5. i = 5: nums[i] (3) is compared to nums[k-2] (2). They are different. We write nums[4] = 3 and increment k to 5. The array becomes [1, 1, 2, 2, 3, ...].

The loop finishes. The final value of k is 5, which is the length of the resulting array.

Code in Python

This Python code provides a clean implementation of the two-pointers strategy.

class Solution:
    def removeDuplicates(self, nums: list[int]) -> int:
        # k is the write pointer, initialized to 2 because the first
        # two elements are always part of the valid result.
        k = 2
        
        # i is the read pointer, starting from the third element.
        for i in range(2, len(nums)):
            # This check is the core of the in-place algorithm.
            # It ensures we only add an element if it's not a third duplicate.
            if nums[i] != nums[k - 2]:
                nums[k] = nums[i]
                k += 1
                
        return k

Complexity Analysis

• Time Complexity: O(n), a single pass through the array is required.

• Space Complexity: O(1), the definition of a true in-place algorithm.

Alternative Solution: Using a HashMap

For the sake of thorough technical prep, let's consider another method. A HashMap (or a Python dictionary) can also solve this, though it won't meet the space constraint.

Approach

Iterate through the array, using a HashMap to track the frequency of each number. A write pointer k builds the result in-place. If the frequency of the current number is two or less, it's placed at nums[k].

Code in Python

class Solution:
    def removeDuplicates(self, nums: list[int]) -> int:
        count = {}
        k = 0
        
        for num in nums:
            count[num] = count.get(num, 0) + 1
            
            if count[num] <= 2:
                nums[k] = num
                k += 1
                
        return k

Complexity Analysis

• Time Complexity: O(n).

• Space Complexity: O(n), which is why this is not the optimal solution for this specific problem but is a valid approach for similar questions without memory constraints.

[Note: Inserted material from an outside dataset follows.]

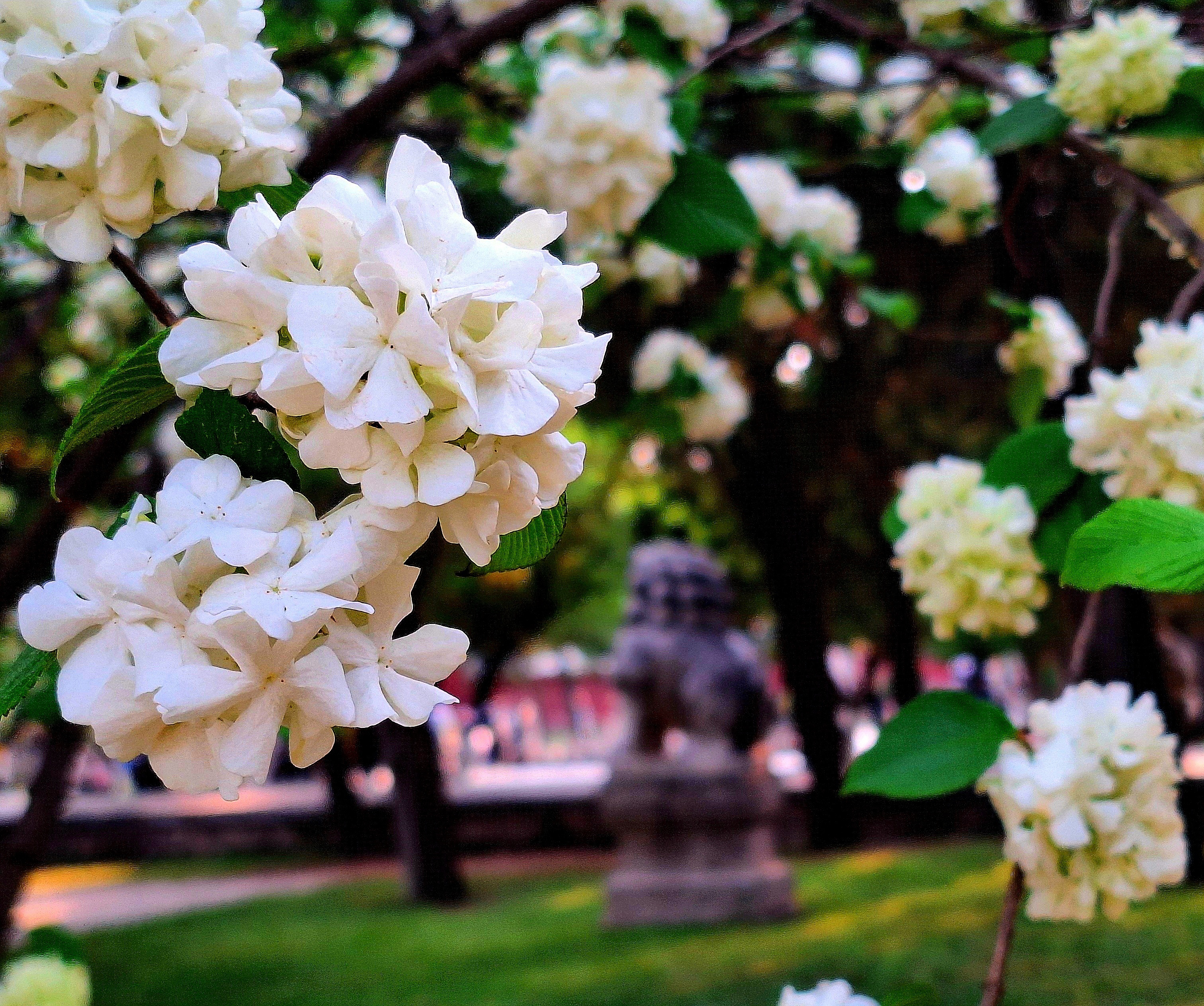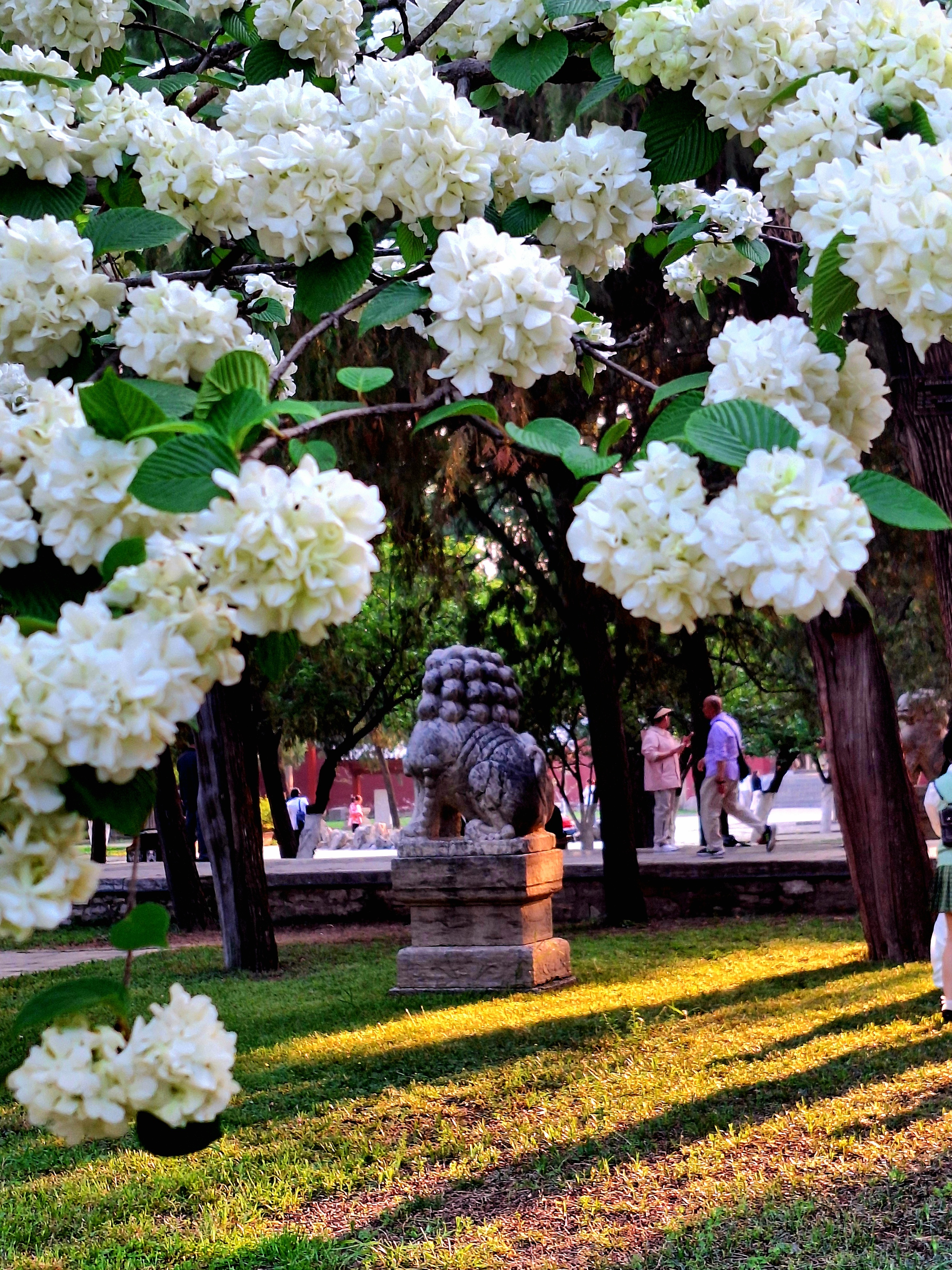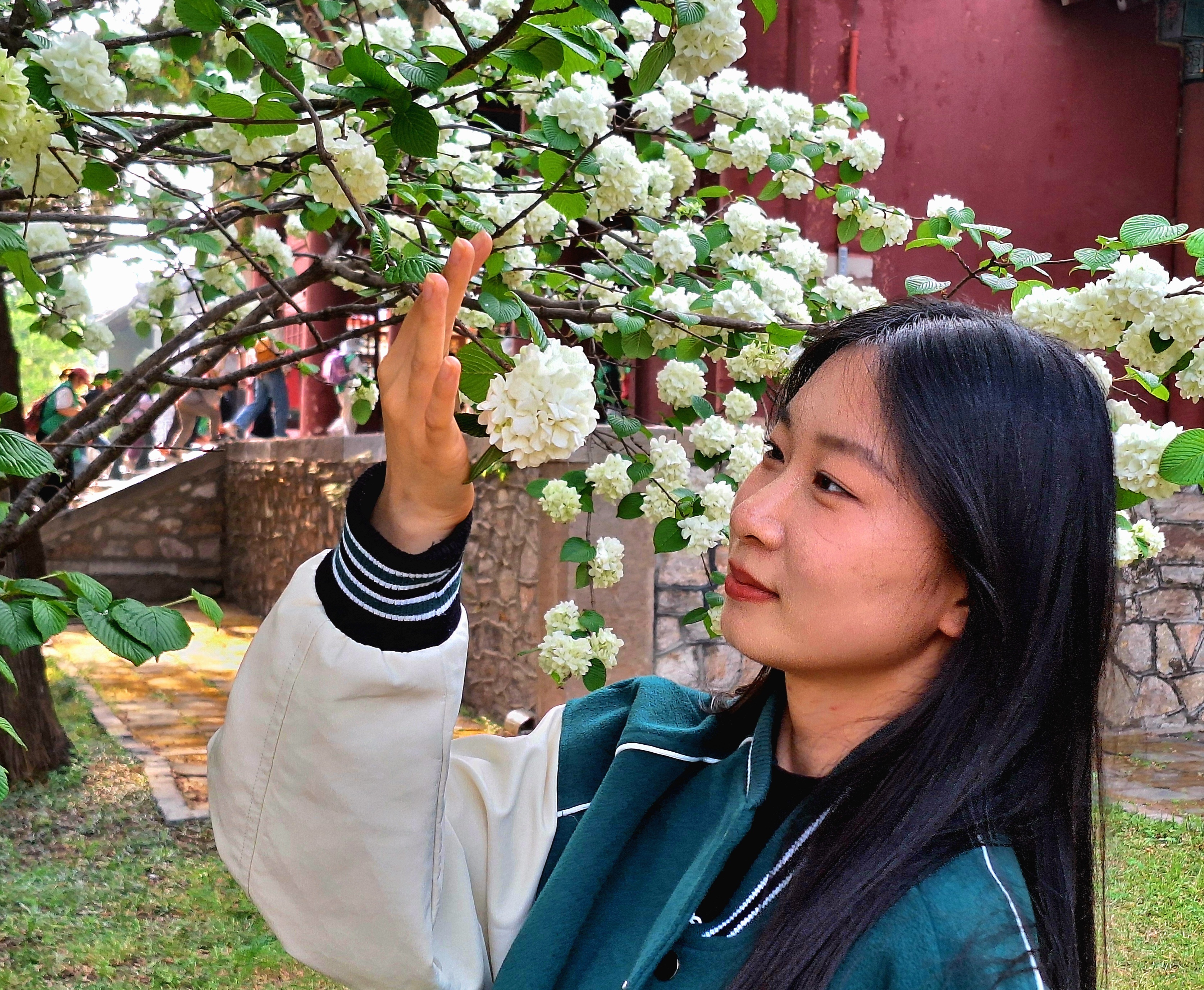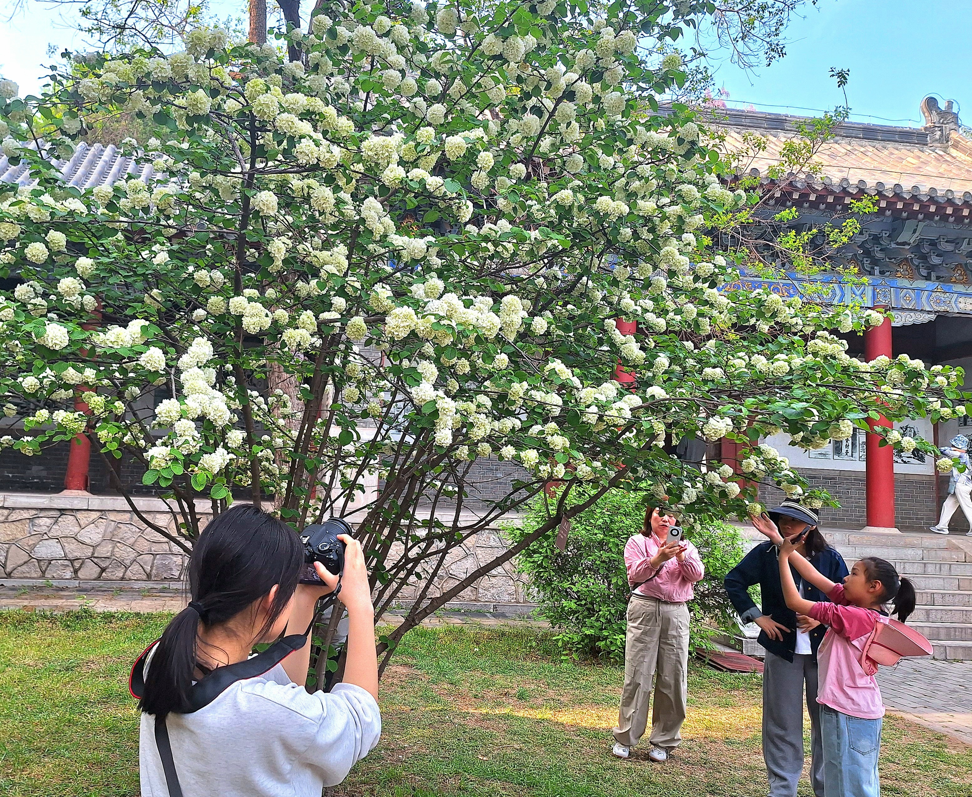 暮春时节,泰安岱庙仁安门前东侧院落,两株百年雪球荚蒾迎来盛放高峰。如云似雪的花团缀满枝头,与红墙黛瓦的古建筑相映成趣,清甜花香随风浮动,吸引众多游客驻足拍照,成为春日岱庙的网红打卡胜景。

Conclusion: Key Takeaways for Your Technical Prep

Mastering the two-pointers technique is non-negotiable for anyone serious about passing coding interviews. This problem, Remove Duplicates from Sorted Array II, perfectly demonstrates its power in creating efficient, memory-saving in-place algorithms.

For a fantastic visual breakdown of this logic, we highly recommend the video explanation from the YouTube channel niits, which greatly informed this guide.

• Video Credit: Using Two Pointers + Coding Exercise by niits.

Keep practicing these fundamental data structures and algorithms patterns, and you'll be well-prepared for whatever comes your way. Happy coding!